Sir John Barbirolli was a British conductor, and was one of classical music's most compelling figures of his era.
His London Times obituary termed him "a virtuoso conductor in the tradition of those spellbinding artists who made the conductor the centre of popular devotion for concertgoers in the twentieth century. "
Background
Giovanni Battista Barbirolli was born in 1899 in Southampton Row, Holborn, London, United Kingdom. His father, Filippo Lorenzo Barbirolli, an orchestra violinist, had met his wife, Louise Ribèyrol, in Paris while working as a musician and brought her to London when he and his father settled in the city in the 1890.
From a young age, Barbirolli accompanied his father when he went to rehearsals, and Barbirolli loved watching the conductor.
Education
At the age of 11 he won a scholarship to Trinity College of Music in London.
The following year he made his public debut on December 16, 1911, at Trinity College's annual concert.
Soon after he won a scholarship to the prestigious Royal Academy of Music, where he studied from 1912 to 1917.
Career
From 1916 to 1918 Barbirolli was a freelance cellist in London. He was decommissioned from the army in 1919. On re-entering civilian life, Barbirolli resumed his career as a cellist. His association with Edward Elgar's Cello Concerto began with its première in 1919, when he played as a rank and file member of the London Symphony Orchestra.

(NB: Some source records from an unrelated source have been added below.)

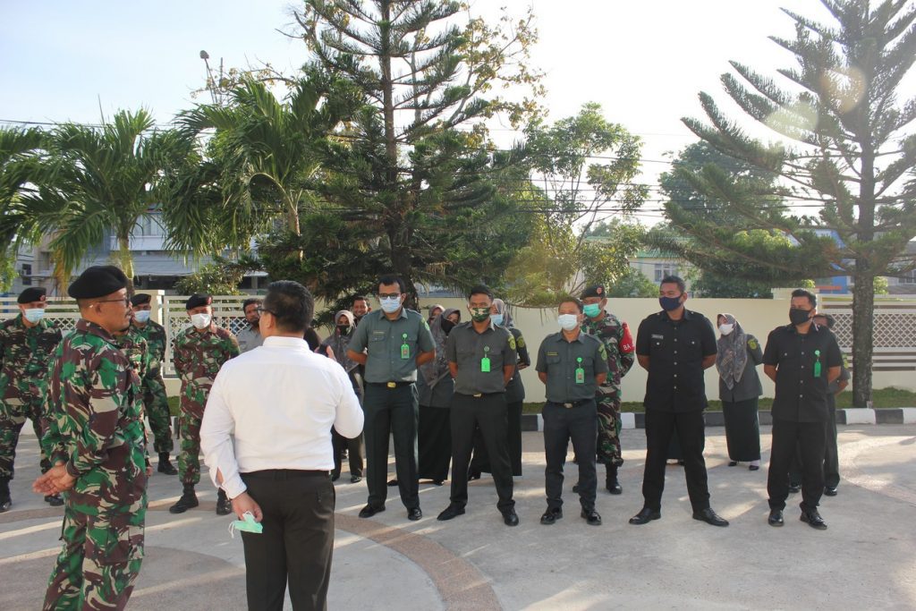 BANDA ACEH – Rabu, 10 Maret 2021, Kepala Pengadilan Militer I-01 Banda Aceh Letnan Kolonel Chk Agus Husin,S.H.,M.H. bersama para Hakim Militer Pengadilan Militer I-01 Banda Aceh menghadiri acara pemusnahan barang bukti narkotika dilaksanakan di Lapangan Jasdam Iskandar Muda Jl. Nyak Adam Kamil III Neusu Jaya, Banda Aceh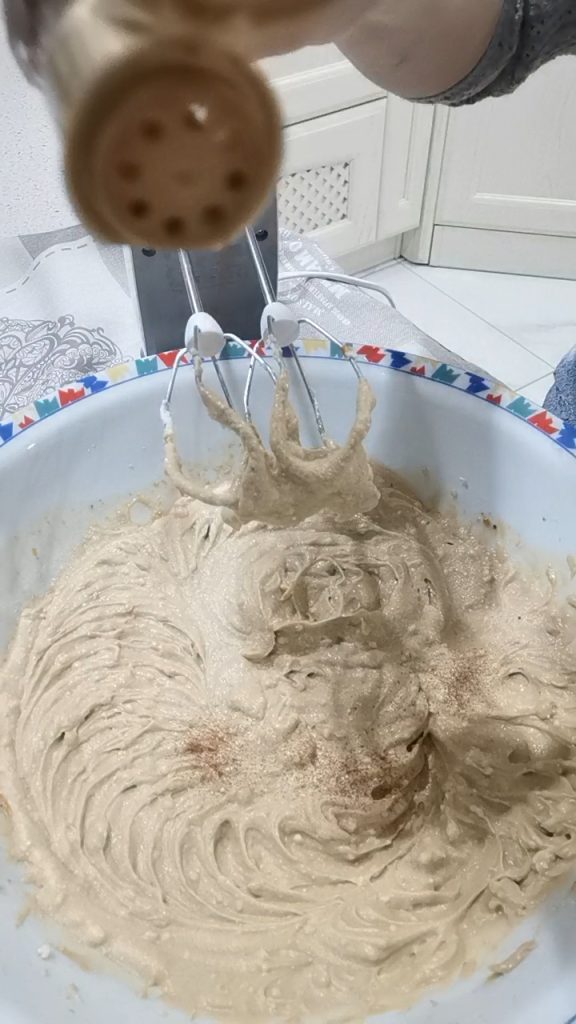 Ajoutons aussi la cannelle et le lait. Continuons à mélanger. À ce stade, avant de verser le sachet de levure, j’abandonne le fouet et commence à mélanger avec la « spatule ».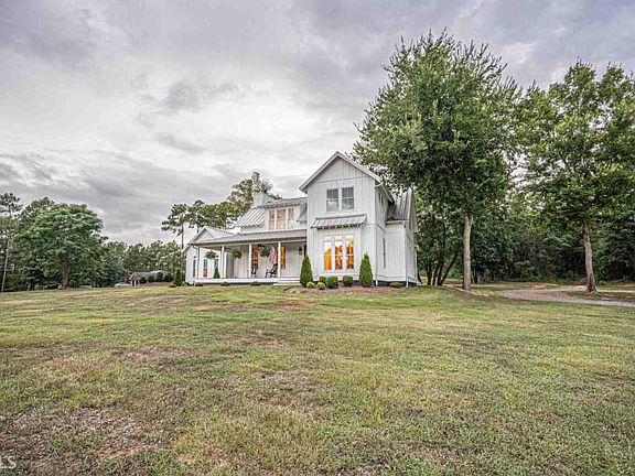 WOW!! This Remarkable 3 bed/2.5 bath Custom home on 9.5+ Acres will check all your boxes!! Every immaculate detail has been meticulously chosen, from the elegant windows that bring in ALL the glorious natural light to the Heart Pine floors to the grand Masonry Fireplaces made for cozy nights and entertaining- this exquisite home is filled with charming details and space for everything you have in mind! Highlights include an open floor plan with a gorgeous white kitchen with stainless appliances, white granite counter tops, wine cooler, double oven, and custom island with additional seating. The intimate, yet spacious dining room seats 10+. The lovely living room is complete with awe-inspiring vaulted ceilings, built in shelves, cabinets, and a beautiful masonry fireplace. The comfy, cozy outdoor veranda is completely covered with a Masonry fireplace. The elegant Master Suite is cozy with beautiful vaulted ceilings and features his and hers closets, his and hers vanities, large soaking tub and tile shower and water closet. Beside the Master Suite, you will find an office/hobby room/kids playroom. Upstairs, there is a seating/kids play area and two additional bedrooms + a large bathroom. Outside you have 9.5 private Acres with a shop & small outbuilding, trails that go throughout the property and a beautiful landscape. This home also has a waterproof heated and cooled crawlspace and foam insulation! This exquisite home is an absolute MUST SEE!

At the Three Choirs Festival of 1920 he took part in his first Dream of Gerontius, under Elgar's baton, in the LSO cellos. He joined two newly founded string quartets as cellist: the Kutcher Quartet, led by his former fellow student at Trinity, Samuel Kutcher, and the Music Society Quartet (later called the International Quartet) led by André Mangeot.
In 1924, Barbirolli founded a Chelsea chamber orchestra with members of the Guild of Singers and Players and served as its conductor.
He would remain with the company off and on until 1929, gaining experience with such classics as Madama Butterfly, Aïda, and Romeo et Juliette.
Barbirolli's star rose on one fortuitous night in December 1927 when he stepped in for the famed Sir Thomas Beecham, conductor of the London Symphony Orchestra.
In 1927 he was guest conductor of the London Symphony Orchestra and the Royal Philharmonic Society concerts.
He debuted at Covent Garden in 1928, working regularly with the Royal Opera until 1933, when he became the regular conductor of the Scottish Orchestra in Glasgow.
There he started to tackle the canon of major symphonic works, from Beethoven to Stravinsky and began to display great flair at the podium.
Over the next few years, Downs occasionally granted Barbirolli a grudgingly favorable comment, but rival music journalist Virgil Thomson of the New York Herald Tribune was usually brutal.
One example of his vitriol came after the opening night of the 1940 Philharmonic season, in which Barbirolli led the group in a program that included Beethoven and Elgar.
"The concert as a whole, both as to programme and as to playing, was anything but a memorable experience, " Thomson asserted, according to the Reid biography.
"The music itself was soggy, the playing dull and brutal. "
A New York Times profile by S. J. Woolf noted: "One instinctively knows as the maestro leans over his stand and asks for more volume, as he crouches low with bent knees in subdued passages, as he shifts his baton to his left hand and with his right wheedles greater feeling into the music, that he is working harder than any member of his orchestra.
"Barbirolli was under contract to the New York Philharmonic when Britain and Germany went to war in 1939, the year he wed Evelyn Rothwell, a renowned oboist in her own right.
He was still with them when the United States entered World War II in 1941.
The American Musicians' Union urged him to take U. S. citizenship, but he was homesick for England, which was being attacked regularly by German bombers.
Despite his Italian and French heritage, Barbirolli considered himself thoroughly English and was a follower of cricket.
He championed works by British composers like Elgar and Benjamin Britten as well.
His schedule after that required just 70 concerts a year, and he began to take more international work.
From 1961 to 1967 he was the conductor of the Houston Symphony Orchestra, and he spent twelve weeks of the year in Texas.
He also appeared with the Vienna and Berlin philharmonics and at Austria's prestigious Salzburg Festival. Barbirolli retired from Hallé in 1968, though he was given the title of Conductor Laureate for Life.
His retirement from Hallé did not bring a less taxing schedule, however.